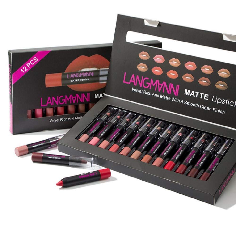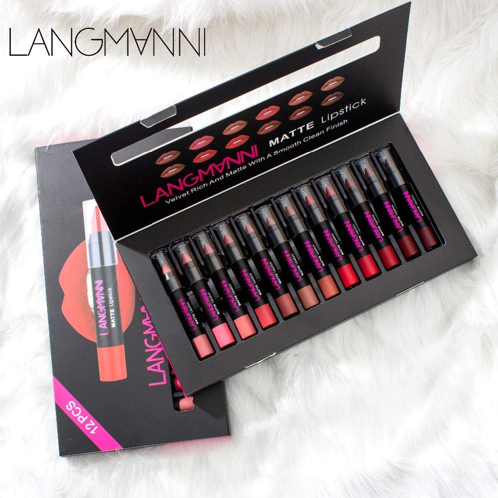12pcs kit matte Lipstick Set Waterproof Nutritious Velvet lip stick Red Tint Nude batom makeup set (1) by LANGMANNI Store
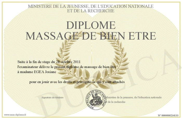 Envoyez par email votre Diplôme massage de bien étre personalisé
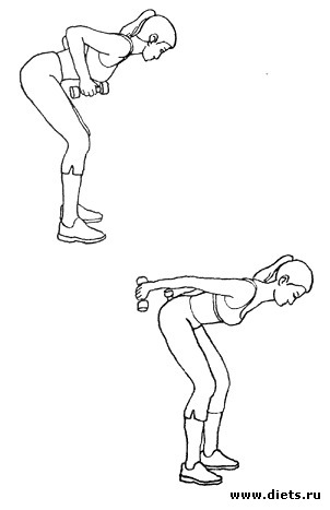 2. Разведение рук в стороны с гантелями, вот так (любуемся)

...

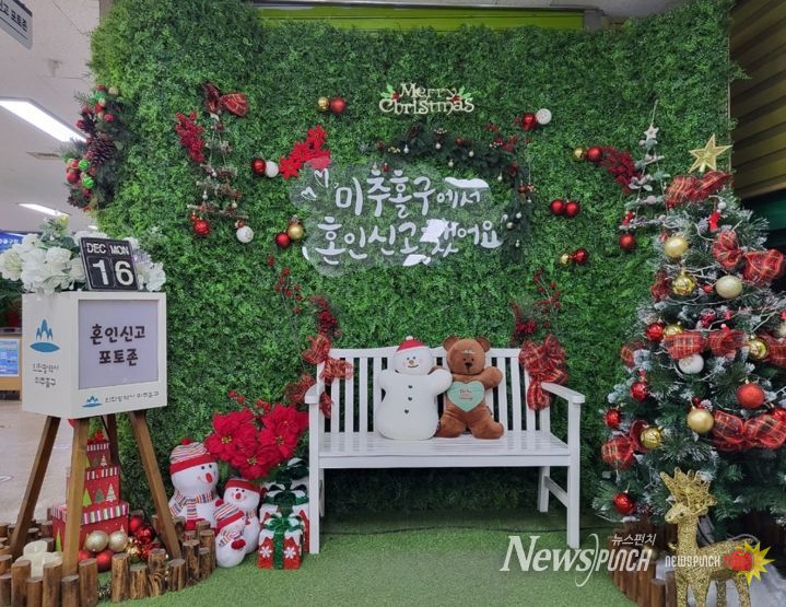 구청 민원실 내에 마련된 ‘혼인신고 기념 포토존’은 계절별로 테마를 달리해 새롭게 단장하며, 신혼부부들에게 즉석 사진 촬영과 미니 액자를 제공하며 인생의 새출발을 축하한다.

How to complete this task: In the records above, find the line containing "12pcs kit matte" and the line containing "2. Разведение рук", then give both of them again word for word along with every line between. Omit any pictures.

Reply to the exercise:
12pcs kit matte Lipstick Set Waterproof Nutritious Velvet lip stick Red Tint Nude batom makeup set (1) by LANGMANNI Store
 Envoyez par email votre Diplôme massage de bien étre personalisé
 2. Разведение рук в стороны с гантелями, вот так (любуемся)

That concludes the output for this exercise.